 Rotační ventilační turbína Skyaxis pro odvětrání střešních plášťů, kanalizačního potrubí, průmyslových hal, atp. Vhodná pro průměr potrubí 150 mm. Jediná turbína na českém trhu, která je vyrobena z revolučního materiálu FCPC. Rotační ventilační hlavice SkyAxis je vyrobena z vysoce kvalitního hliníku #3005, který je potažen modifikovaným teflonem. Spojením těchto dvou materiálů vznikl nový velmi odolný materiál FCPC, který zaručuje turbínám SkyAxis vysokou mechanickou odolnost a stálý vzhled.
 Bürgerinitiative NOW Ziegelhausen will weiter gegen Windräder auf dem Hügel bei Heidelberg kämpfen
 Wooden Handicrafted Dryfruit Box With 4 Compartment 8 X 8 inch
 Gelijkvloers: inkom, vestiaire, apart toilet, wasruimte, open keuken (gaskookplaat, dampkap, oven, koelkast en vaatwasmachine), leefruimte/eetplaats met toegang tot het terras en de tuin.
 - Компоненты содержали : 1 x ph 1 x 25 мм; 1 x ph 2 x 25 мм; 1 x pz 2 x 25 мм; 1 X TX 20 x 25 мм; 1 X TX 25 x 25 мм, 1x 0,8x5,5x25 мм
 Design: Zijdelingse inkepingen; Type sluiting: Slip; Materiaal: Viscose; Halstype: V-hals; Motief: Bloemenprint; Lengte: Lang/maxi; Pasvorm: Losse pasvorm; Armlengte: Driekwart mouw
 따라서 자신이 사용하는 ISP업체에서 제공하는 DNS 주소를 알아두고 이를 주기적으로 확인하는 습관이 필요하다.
==
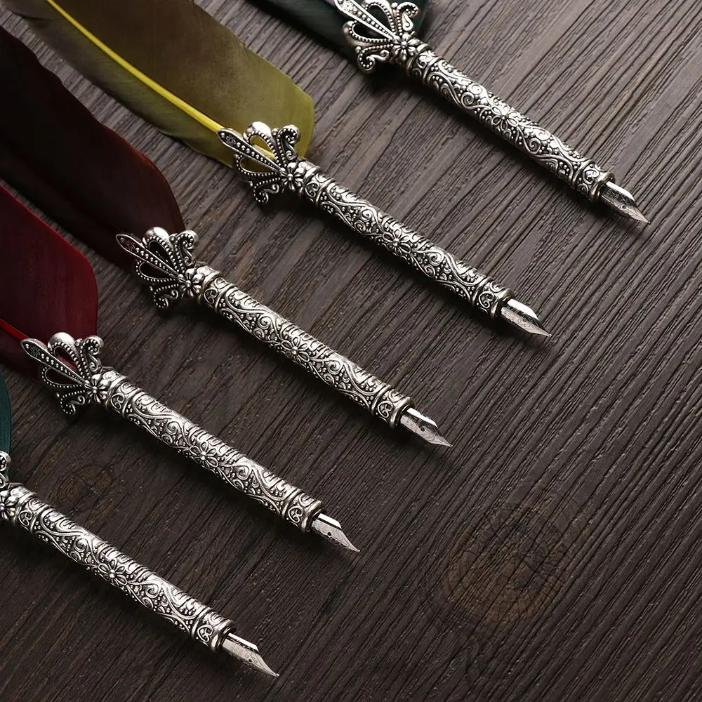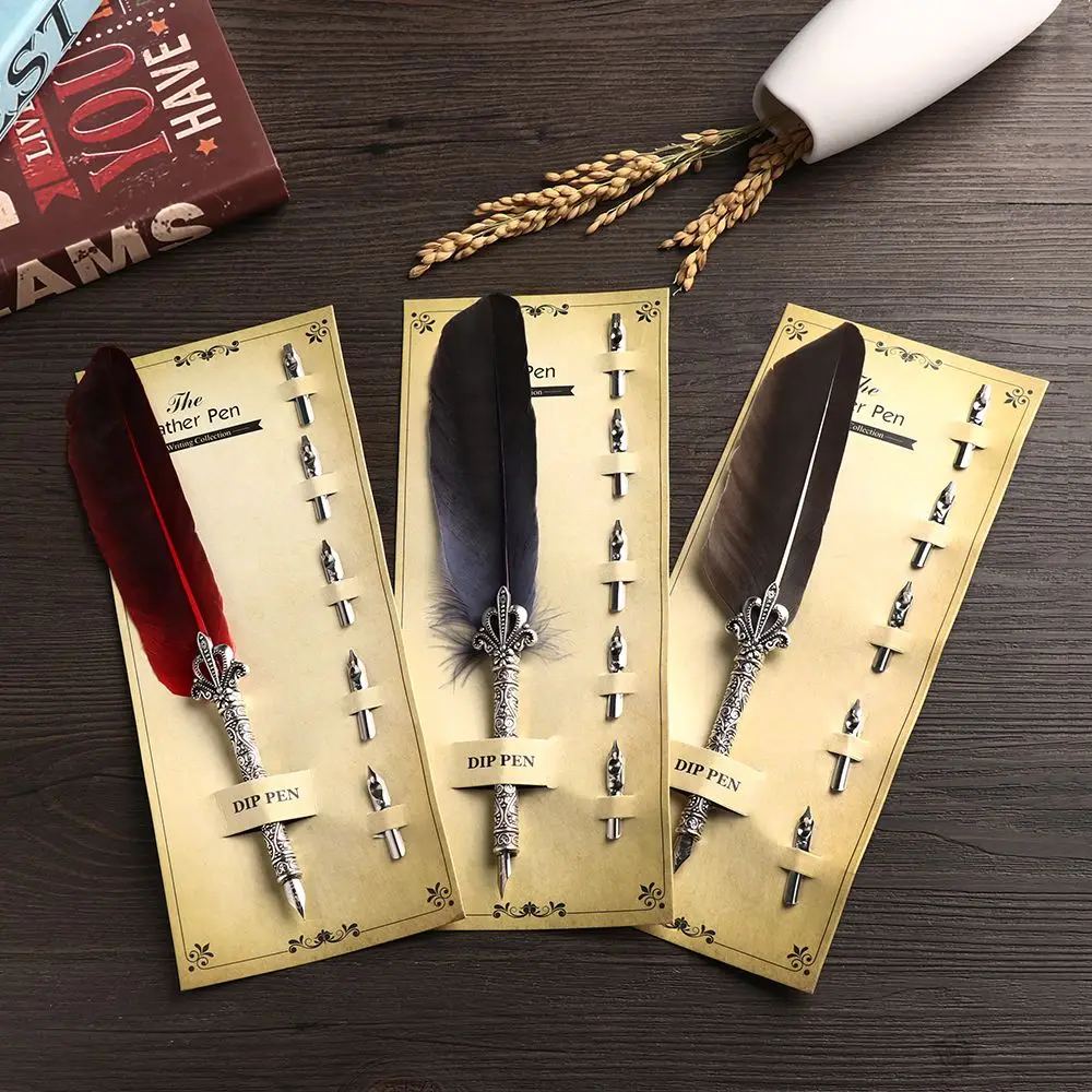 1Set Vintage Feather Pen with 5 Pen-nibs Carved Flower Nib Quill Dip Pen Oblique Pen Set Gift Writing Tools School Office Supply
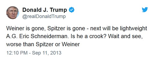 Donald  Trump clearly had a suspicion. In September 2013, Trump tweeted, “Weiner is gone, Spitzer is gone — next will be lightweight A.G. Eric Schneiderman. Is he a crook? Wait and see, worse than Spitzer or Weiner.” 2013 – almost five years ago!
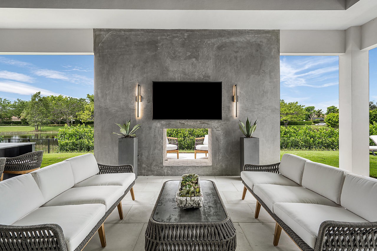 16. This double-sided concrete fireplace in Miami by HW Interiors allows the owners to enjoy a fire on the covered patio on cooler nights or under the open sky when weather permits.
...
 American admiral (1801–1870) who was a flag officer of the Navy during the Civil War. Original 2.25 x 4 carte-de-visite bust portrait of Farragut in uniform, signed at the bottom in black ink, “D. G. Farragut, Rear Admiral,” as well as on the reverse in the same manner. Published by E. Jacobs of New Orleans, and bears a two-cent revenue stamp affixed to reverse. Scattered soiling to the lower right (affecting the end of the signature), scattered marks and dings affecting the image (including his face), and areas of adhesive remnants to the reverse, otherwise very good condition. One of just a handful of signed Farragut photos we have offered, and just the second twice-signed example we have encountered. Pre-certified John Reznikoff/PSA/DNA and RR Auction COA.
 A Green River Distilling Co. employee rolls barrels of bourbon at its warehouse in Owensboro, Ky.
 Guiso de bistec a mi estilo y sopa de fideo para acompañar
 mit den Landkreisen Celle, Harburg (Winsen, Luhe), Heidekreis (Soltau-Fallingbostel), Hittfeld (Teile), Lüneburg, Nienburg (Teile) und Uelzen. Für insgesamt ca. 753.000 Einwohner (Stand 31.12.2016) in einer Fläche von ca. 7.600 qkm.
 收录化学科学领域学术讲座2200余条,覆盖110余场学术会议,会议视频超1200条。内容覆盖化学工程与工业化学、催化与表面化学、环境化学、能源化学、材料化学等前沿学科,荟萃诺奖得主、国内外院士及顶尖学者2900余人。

### WHAT THIS TASK INVOLVES
Quote the data above exactly from the line with "Donald  Trump clearly" to the line with "16. This double-sided", both ends counted, and nothing else. Pictures don't go in.

### ANSWER SPACE
 Donald  Trump clearly had a suspicion. In September 2013, Trump tweeted, “Weiner is gone, Spitzer is gone — next will be lightweight A.G. Eric Schneiderman. Is he a crook? Wait and see, worse than Spitzer or Weiner.” 2013 – almost five years ago!
 16. This double-sided concrete fireplace in Miami by HW Interiors allows the owners to enjoy a fire on the covered patio on cooler nights or under the open sky when weather permits.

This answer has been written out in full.